Example without using arrays

Here is a simplified schema for a migraine tracker that stores both the start and end time, and a list of triggers.

Main table

CREATE TABLE
  public.migraines (
    id INT GENERATED BY DEFAULT AS IDENTITY PRIMARY KEY,
    user_id integer NOT NULL,
    start_dt timestamp without time zone NULL,
    end_dt timestamp without time zone NULL,
  );
Enter fullscreen mode Exit fullscreen mode

Lookup table for trigger type names

CREATE TABLE
  public.trigger_types (
    id INT GENERATED BY DEFAULT AS IDENTITY PRIMARY KEY,
    name character varying(30) NOT NULL
  );
Enter fullscreen mode Exit fullscreen mode

Table to store selected triggers

CREATE TABLE
  public.migraine_triggers (
    id integer NOT NULL GENERATED BY DEFAULT AS IDENTITY,
    user_id integer NOT NULL,
    migraine_id integer NOT NULL,
    trigger_id integer NOT NULL
  );
Enter fullscreen mode Exit fullscreen mode

Inserting Data

Inserting data requires two separate actions

  • Insert data into the migraine table
  • Insert Triggers into the migraine_triggers table

The insert into the migraine_triggers is likely a multi row insert.

INSERT INTO migraines (user_id,start_dt,end_dt) 
VALUES (1,'2024-06-18 09:30:00', '2024-06-18 10:30:00')
Enter fullscreen mode Exit fullscreen mode
INSERT INTO migraine_triggers (user_id,migraine_id,trigger_id) 
VALUES (1,2, 3),(1,2, 4),(1,2, 5)
Enter fullscreen mode Exit fullscreen mode

Updating Data

Updating data is not entirely straight forward, you have to decide what approach you want to take (or the approach that works best with your data).

1) Run a SELECT before UPDATE to find which ones already exist and INSERT items not already in the list.
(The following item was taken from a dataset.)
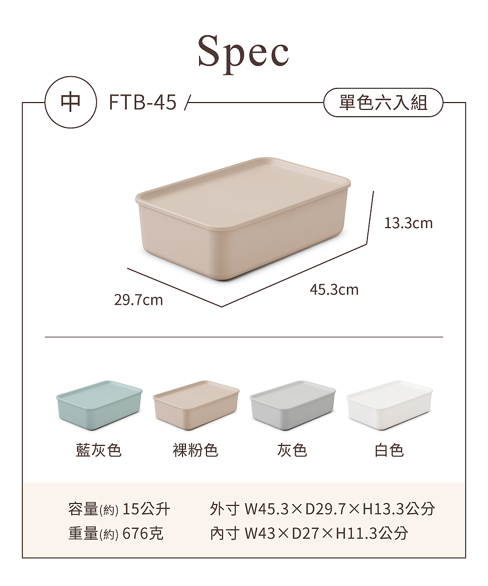 可堆疊附蓋收納盒6入組 15L FTB-45

You may need to also delete rows that are no longer in the list.

2) Use a conflict resolution insert (if the table is indexed to allow it)

INSERT INTO migraine_triggers (user_id, migraine_id, trigger_id)
VALUES 
    (1, 2, 3),
    (1, 2, 4),
    (1, 2, 5)
ON CONFLICT (migraine_id, trigger_id) 
DO NOTHING;
Enter fullscreen mode Exit fullscreen mode

You may need to also delete rows that are no longer in the list with this method also.

3) Run a delete query to delete all rows related to the migraine_id and INSERT all the new items.

In all these scenarios multiple queries are required to update the data.

Selecting Data

A simple selection might be to find migraines where the migraine was triggered by trigger 3

SELECT migraines.*, migraine_triggers.trigger_id 
FROM migraines
INNER JOIN migraine_triggers 
ON migraine_triggers.migraine_id = migraines.id
WHERE migraine_triggers.trigger_id = 3
Enter fullscreen mode Exit fullscreen mode

Now a slightly more complex query to bring back the name of the trigger from the trigger_types table

SELECT migraines.*,trigger_types.name 
FROM migraines
INNER JOIN migraine_triggers 
ON migraine_triggers.migraine_id = migraines.id 
INNER JOIN trigger_types 
ON trigger_types.id = migraine_triggers.trigger_id
WHERE migraine_triggers.trigger_id = 3
Enter fullscreen mode Exit fullscreen mode

Example using arrays

Using arrays we can simplify the database design and the queries needed to retrieve the same information in the above examples.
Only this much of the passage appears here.